Взялся за гуж - не говори, что не дюж. Женские игры - иногда еще более жестоки, чем мужские. Я разделась до трусов (хорошо, что перед неудавшимся сном приняла душ и сменила белье). Огладила тело (тоже хорошо - я себя держу в форме) ...И потребовала деньги. Они должны быть со мной на сцене - я им не верю. Машка кивнула. Хорватка наблюдала за происходящим с нескрываемой ненавистью. Третья девчонка хихикала. Интересно, что подумает о происходящем в комнате громила, если его впустить? А кто-нибудь из наших институтских? Или из подруг?
Я попросила у Машки маску - она поняла и начала рыться в шкафчике у кровати. Наконец достала какую-то черную широкую ленту, в которой я прогрызла дыры для глаз и повязала на лицо. Конечно, мое белье не соответствовало канонам богомерзкого заведения - но надеть что-нибудь из предложенного мне я отказалась напрочь. Деньги - две толстые стопки - я накрепко прикрутила к запястьям и обмотала сверху какими-то пестрыми платками для маскировки. Получились какие-то идиотсике перчатки. Все происходящее было фарсом, воспринималось как сцена в идиотском голливудском фильме и только сквозняк, тянущий снизу от дверной щели, холодил ноги и возвращал меня к действительности. Мы были ужасно деловиты. Мы почти не разговаривали. Только когда я двинулась к двери, хорватка двинулась следом и прошипела по-русски: "Пять минут!". Я повторила по-английски, глядя на Машку: "Пять минут!?". Та кивнула. Мы вышли втроем, девка-молокососка осталась присматривать за Пашей, чтобы, как выразилась хорватка, не удрал.

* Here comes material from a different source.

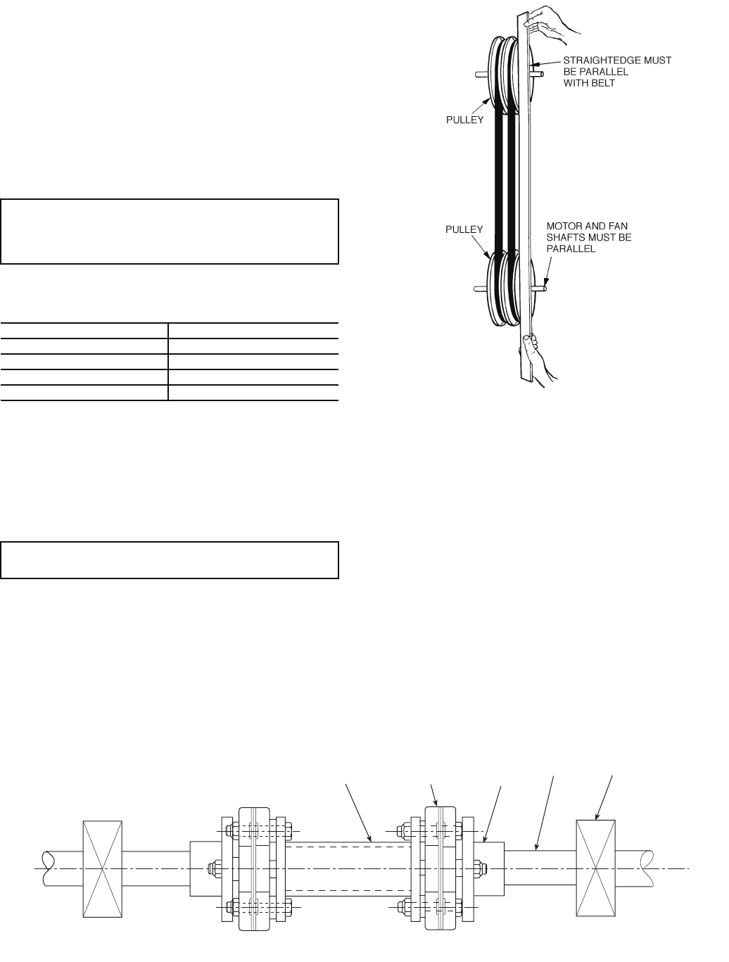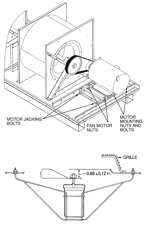 VERIFY THAT FAN SHEAVES ARE ALIGNED AND BELTS ARE PROPERLY TENSIONED

У меня не было злобы на этих девчонок - особенно на Машку. Они предложили какое-то решение - не самое лучшее, но решение. После этого все кончится, я приду в свой номер, легу наконец спать, а утром проснусь от этого кошмарно длинного сна. Веревки, которыми были прикручены купюры, больно врезались в кожу - кажется я переборщила. Мы подошли к сцене, я вскочила на подиум и прошла в центр к стоящему там стулу. Первым делом сбросила Машкины туфли, которые пришлось надеть (я побежала за Павлом в тапочках). Потом не очень артистично стянула трусики.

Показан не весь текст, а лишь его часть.